▶ [Task prompt]: Where a picture appears, leave it out; copy everything else in the records exactly.

▶ [Recorded data]:

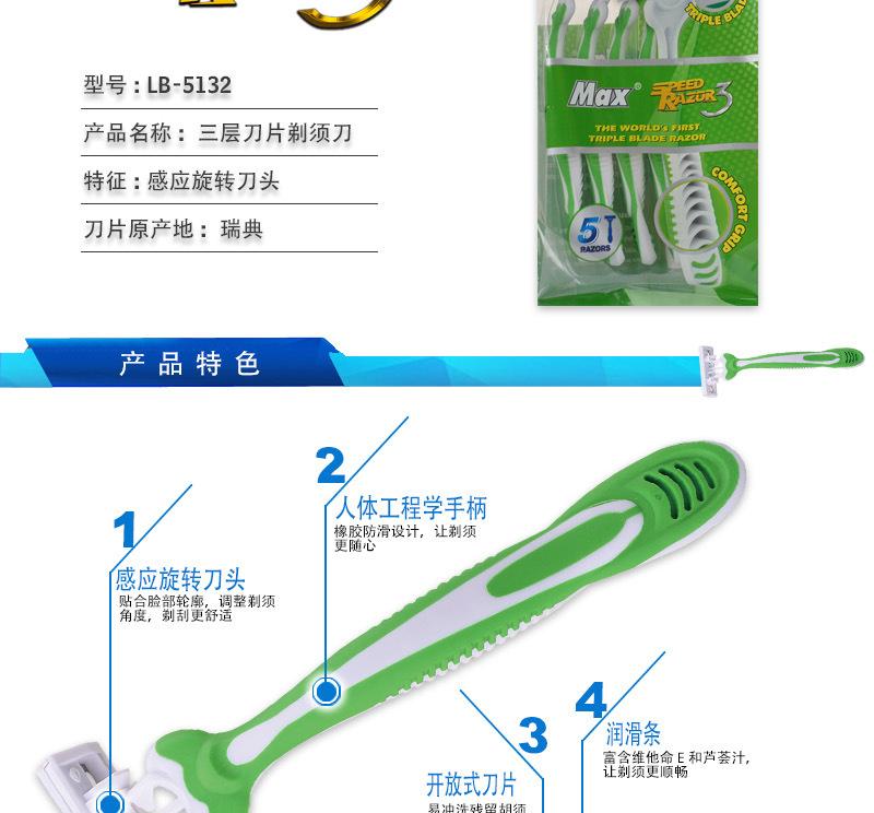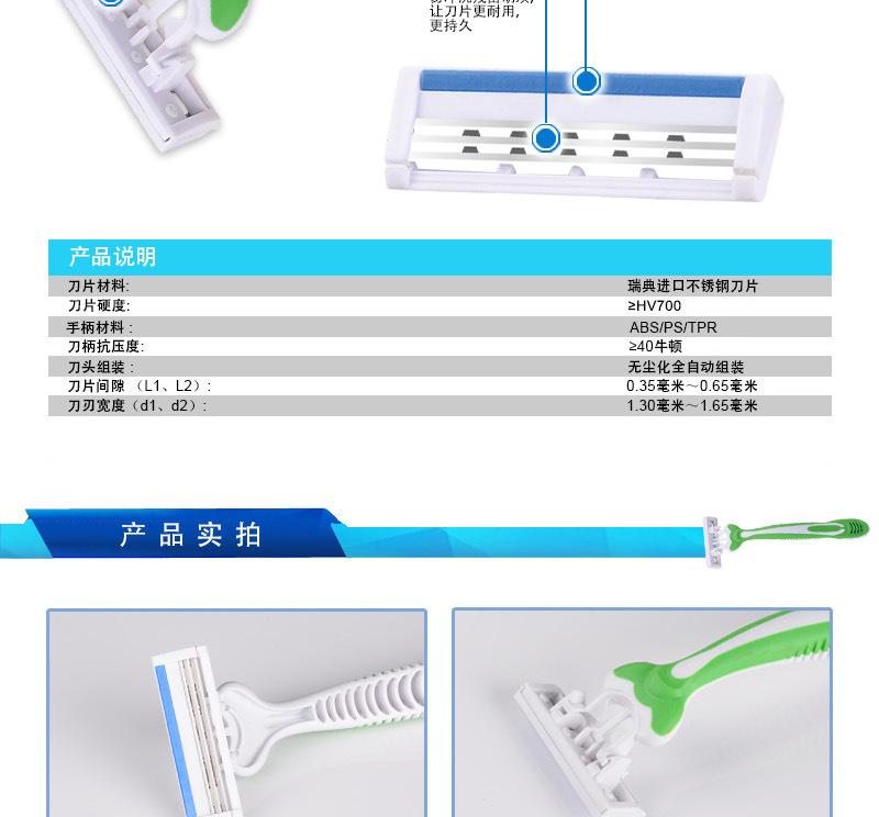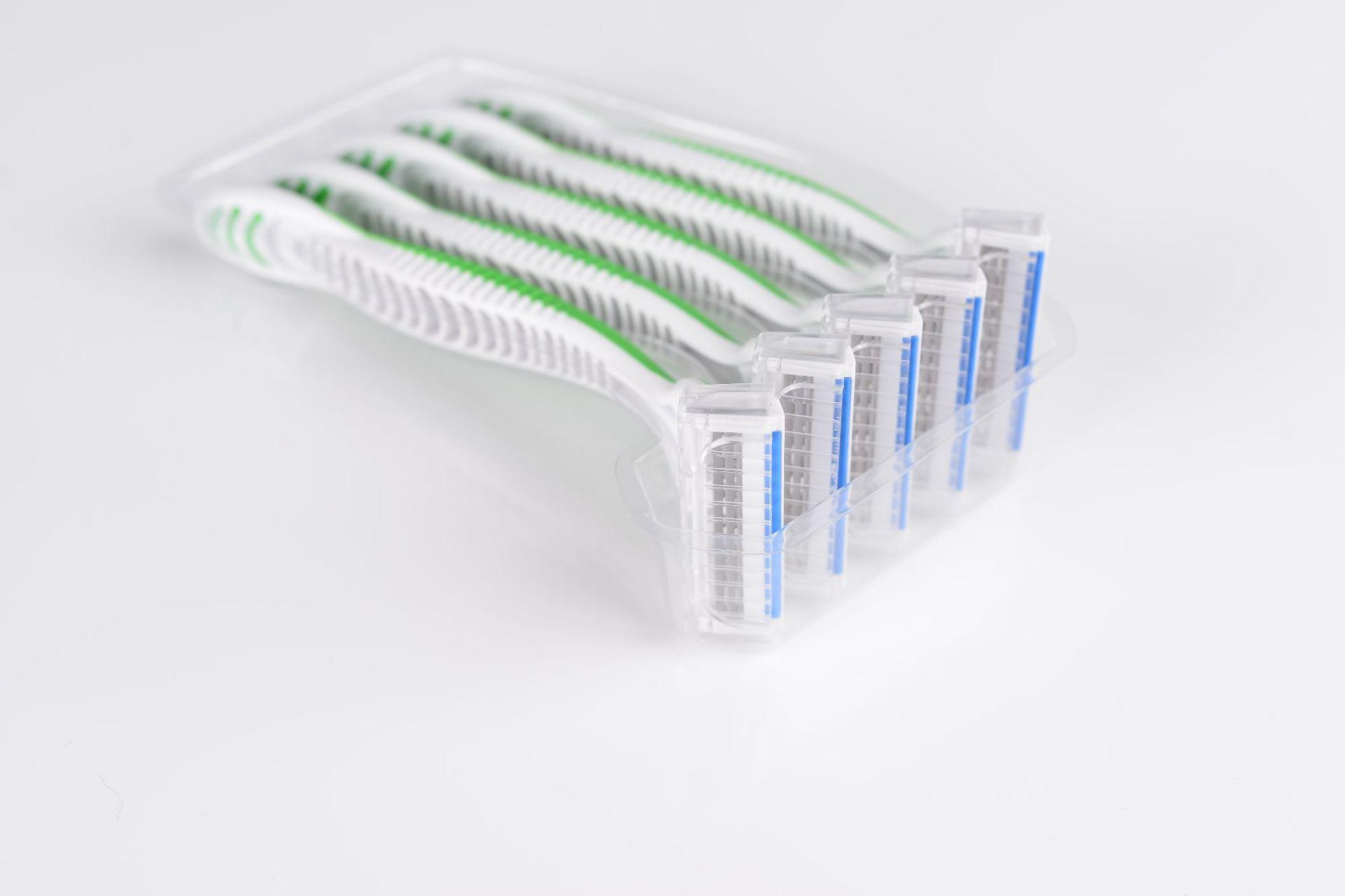 | Material del mango: TPR+PP | Material de la hoja: acero inoxidable sueco | Ingredientes de la tira lubricante: rico en vitamina E y extracto de aloe vera |
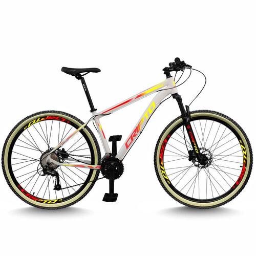 Bicicleta Aro 29 Cripto 24 Marchas Freios Disco e Suspensão Pneu Bege - 19"-Branco/Amarelo e Vermelho
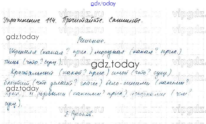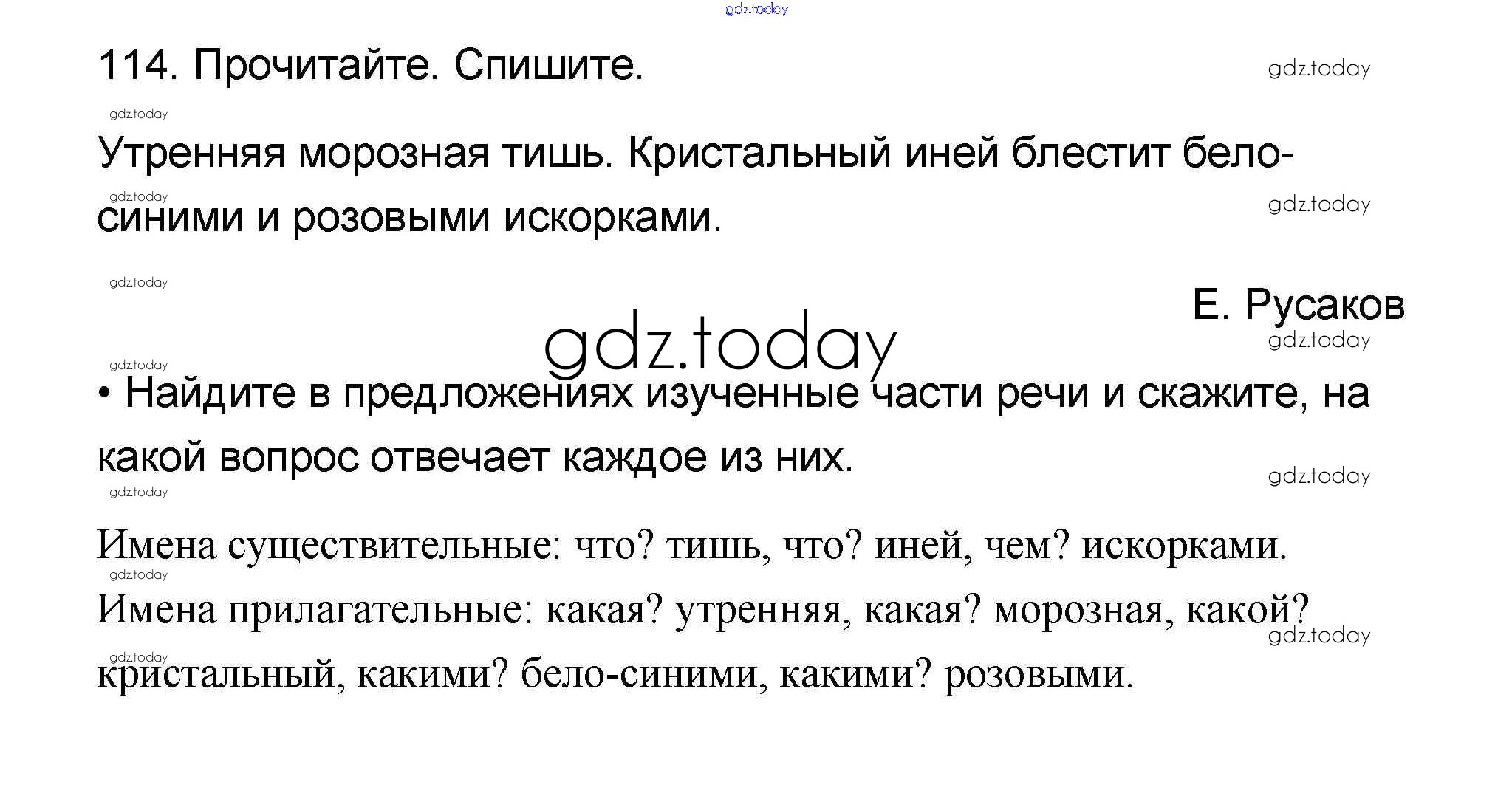 На страницах сайта gdz.today вы найдете учебный и вспомогательный материал, направленный на улучшения знаний школьной программы. ГДЗ - онлайн мир знаний Решение к части 1 114 Учебнику по Русскому языку для 4 класса Канакина, Горецкий Просвещение Школа России 2015
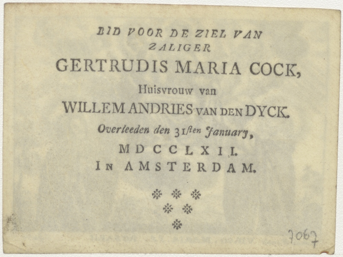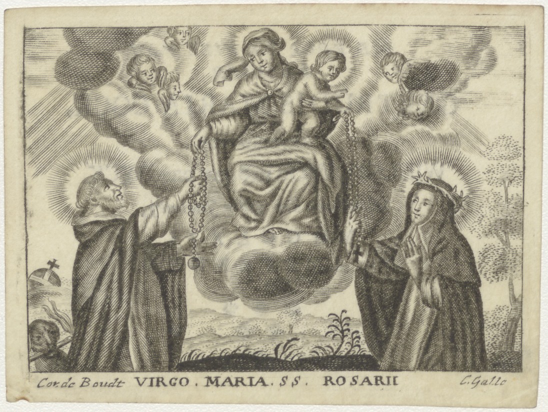 H. Maria del Rosarii, Simon Stock(?) en non, kz. Bid voor ziel van den Dyck-Cock (+1762) Amsterdam
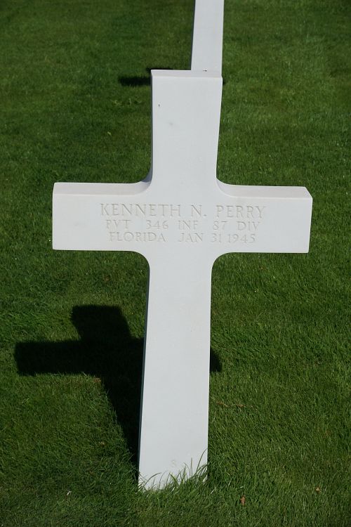 Pvt Kenneth N. Perry attended high school for four years and was a welder and flame cutter at the Colemanns machine shop before he enlisted at Camp Blanding, Florida on 13 July 1944.He died in a field hospital to the effects of a gunshot.
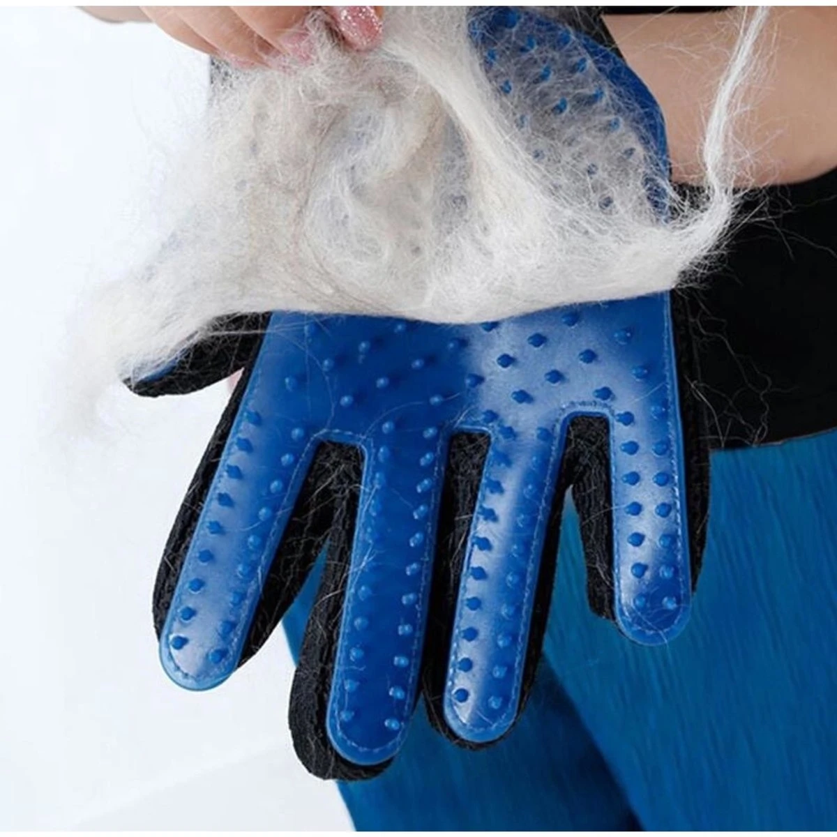 U moet enkel uw huisdier aaien: de handschoen houdt alle dode haren vast zonder het dier te verwonden! Geen rondvliegende haren meer! Het haar blijft in de handschoen plakken. U moet het er alleen uithalen en weggooien.

▶ [Reply to the exercise]:
 | Material del mango: TPR+PP | Material de la hoja: acero inoxidable sueco | Ingredientes de la tira lubricante: rico en vitamina E y extracto de aloe vera |
 Bicicleta Aro 29 Cripto 24 Marchas Freios Disco e Suspensão Pneu Bege - 19"-Branco/Amarelo e Vermelho
 На страницах сайта gdz.today вы найдете учебный и вспомогательный материал, направленный на улучшения знаний школьной программы. ГДЗ - онлайн мир знаний Решение к части 1 114 Учебнику по Русскому языку для 4 класса Канакина, Горецкий Просвещение Школа России 2015
 H. Maria del Rosarii, Simon Stock(?) en non, kz. Bid voor ziel van den Dyck-Cock (+1762) Amsterdam
 Pvt Kenneth N. Perry attended high school for four years and was a welder and flame cutter at the Colemanns machine shop before he enlisted at Camp Blanding, Florida on 13 July 1944.He died in a field hospital to the effects of a gunshot.
 U moet enkel uw huisdier aaien: de handschoen houdt alle dode haren vast zonder het dier te verwonden! Geen rondvliegende haren meer! Het haar blijft in de handschoen plakken. U moet het er alleen uithalen en weggooien.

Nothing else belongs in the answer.